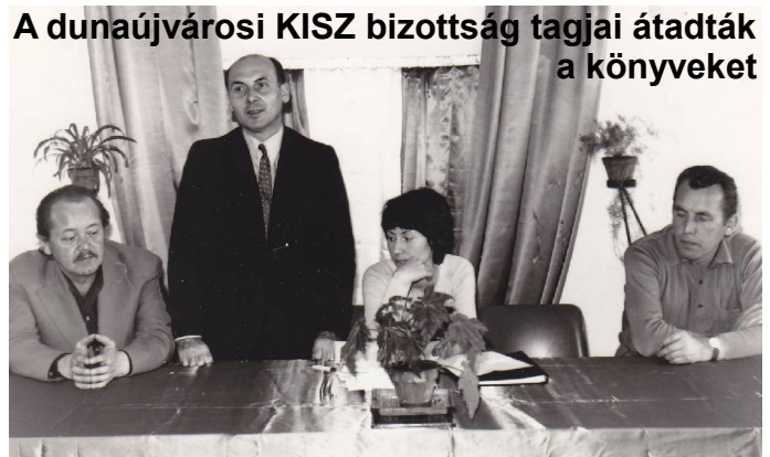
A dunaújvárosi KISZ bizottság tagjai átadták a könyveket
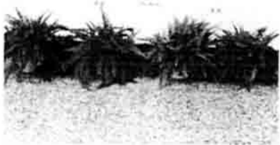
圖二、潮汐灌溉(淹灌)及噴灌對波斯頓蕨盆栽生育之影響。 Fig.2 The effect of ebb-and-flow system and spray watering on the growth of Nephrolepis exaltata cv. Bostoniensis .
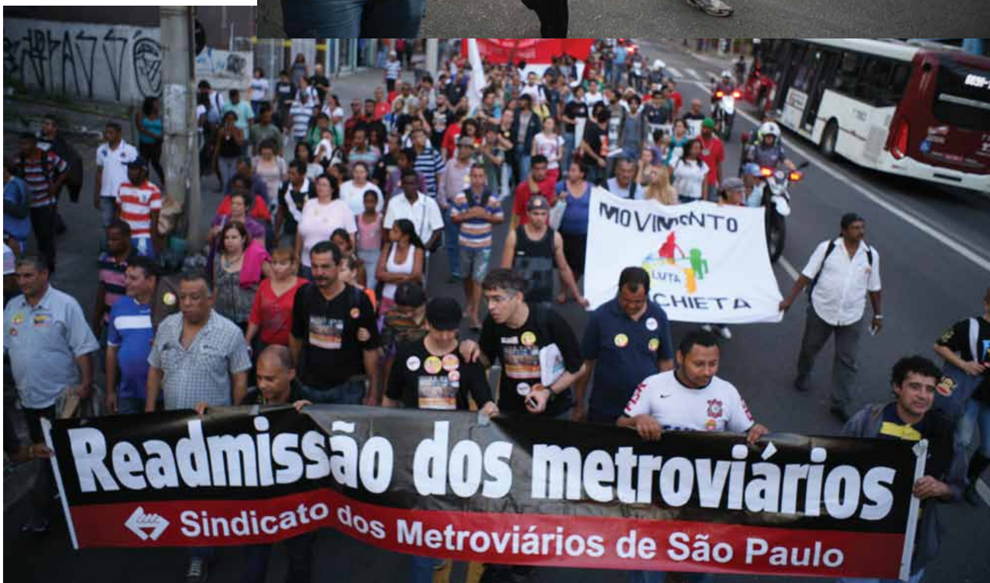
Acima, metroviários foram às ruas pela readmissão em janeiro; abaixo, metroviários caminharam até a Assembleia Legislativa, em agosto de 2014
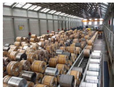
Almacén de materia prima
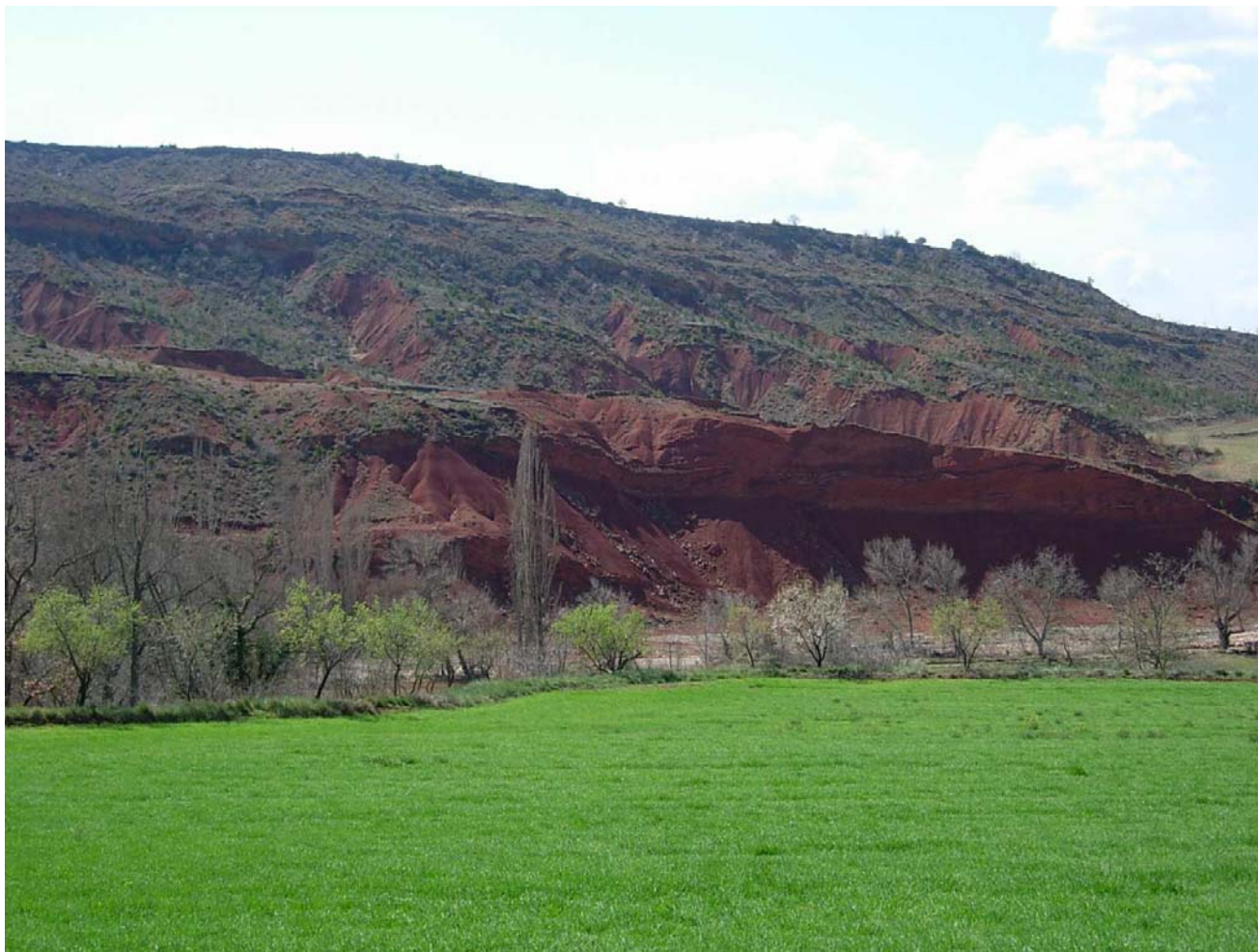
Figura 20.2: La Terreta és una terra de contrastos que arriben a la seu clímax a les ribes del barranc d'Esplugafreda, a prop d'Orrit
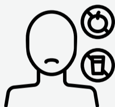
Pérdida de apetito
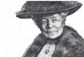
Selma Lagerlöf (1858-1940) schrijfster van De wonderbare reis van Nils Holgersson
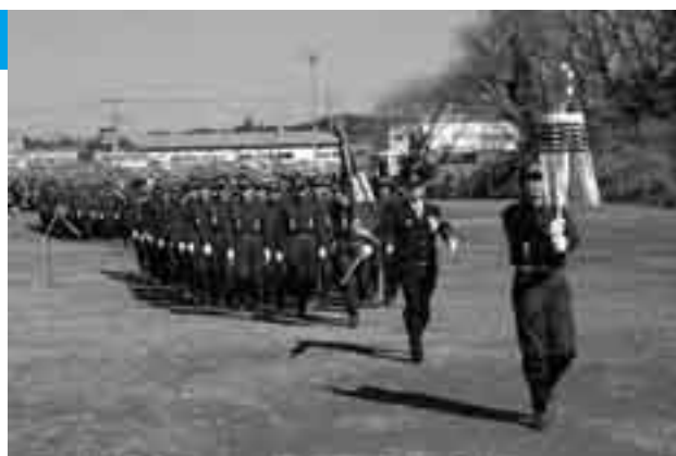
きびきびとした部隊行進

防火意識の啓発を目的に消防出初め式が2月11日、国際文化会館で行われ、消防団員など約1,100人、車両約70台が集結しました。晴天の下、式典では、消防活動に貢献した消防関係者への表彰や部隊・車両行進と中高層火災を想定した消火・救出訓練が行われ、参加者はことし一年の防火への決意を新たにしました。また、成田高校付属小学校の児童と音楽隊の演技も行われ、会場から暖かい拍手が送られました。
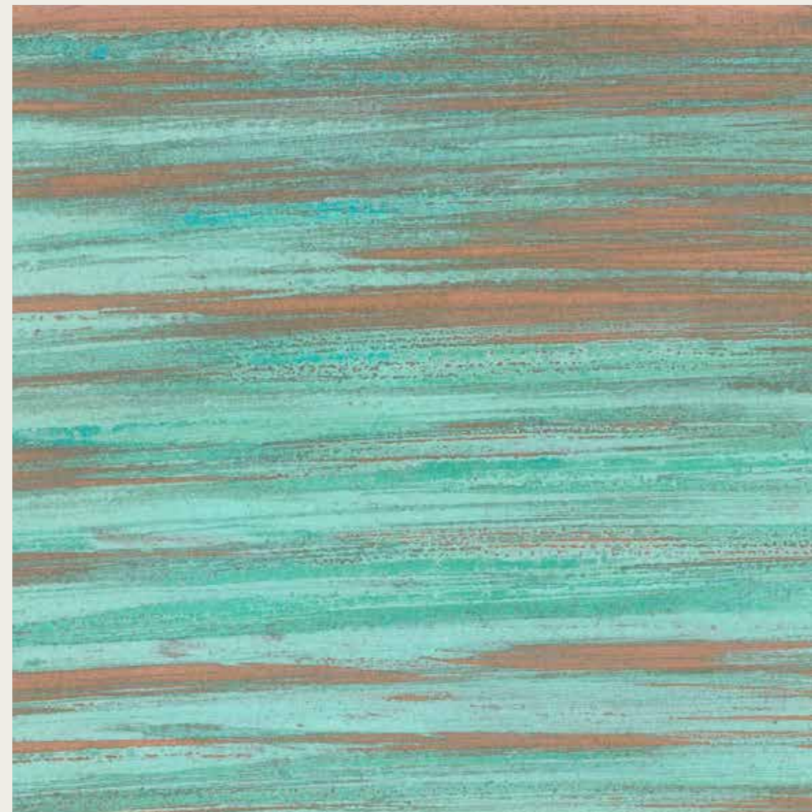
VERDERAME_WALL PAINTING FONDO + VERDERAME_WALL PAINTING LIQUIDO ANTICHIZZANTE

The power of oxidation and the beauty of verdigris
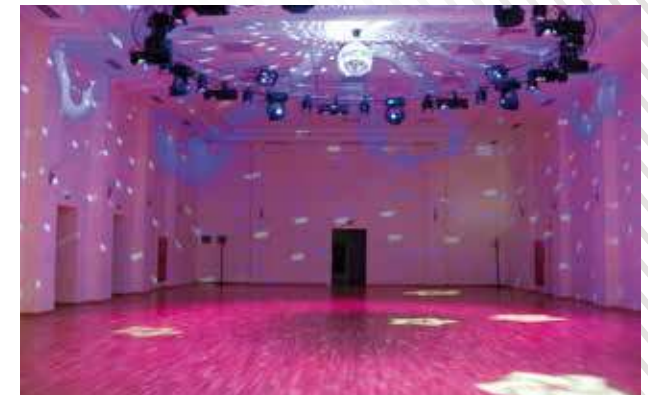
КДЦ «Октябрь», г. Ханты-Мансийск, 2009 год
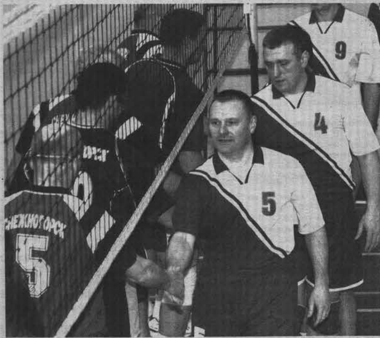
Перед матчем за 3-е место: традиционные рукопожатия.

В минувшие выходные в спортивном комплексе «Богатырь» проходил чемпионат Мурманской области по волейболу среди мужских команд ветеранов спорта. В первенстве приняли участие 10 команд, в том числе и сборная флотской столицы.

▶ Your assignment
Write out, exactly and only, the lines from the one containing "Acima, metroviários foram" through the last line of the material above. Pictures do not go in the copy.

▶ Result for this exercise
Acima, metroviários foram às ruas pela readmissão em janeiro; abaixo, metroviários caminharam até a Assembleia Legislativa, em agosto de 2014
Almacén de materia prima
Figura 20.2: La Terreta és una terra de contrastos que arriben a la seu clímax a les ribes del barranc d'Esplugafreda, a prop d'Orrit
Pérdida de apetito
Selma Lagerlöf (1858-1940) schrijfster van De wonderbare reis van Nils Holgersson
きびきびとした部隊行進

防火意識の啓発を目的に消防出初め式が2月11日、国際文化会館で行われ、消防団員など約1,100人、車両約70台が集結しました。晴天の下、式典では、消防活動に貢献した消防関係者への表彰や部隊・車両行進と中高層火災を想定した消火・救出訓練が行われ、参加者はことし一年の防火への決意を新たにしました。また、成田高校付属小学校の児童と音楽隊の演技も行われ、会場から暖かい拍手が送られました。
VERDERAME_WALL PAINTING FONDO + VERDERAME_WALL PAINTING LIQUIDO ANTICHIZZANTE

The power of oxidation and the beauty of verdigris
КДЦ «Октябрь», г. Ханты-Мансийск, 2009 год
Перед матчем за 3-е место: традиционные рукопожатия.

В минувшие выходные в спортивном комплексе «Богатырь» проходил чемпионат Мурманской области по волейболу среди мужских команд ветеранов спорта. В первенстве приняли участие 10 команд, в том числе и сборная флотской столицы.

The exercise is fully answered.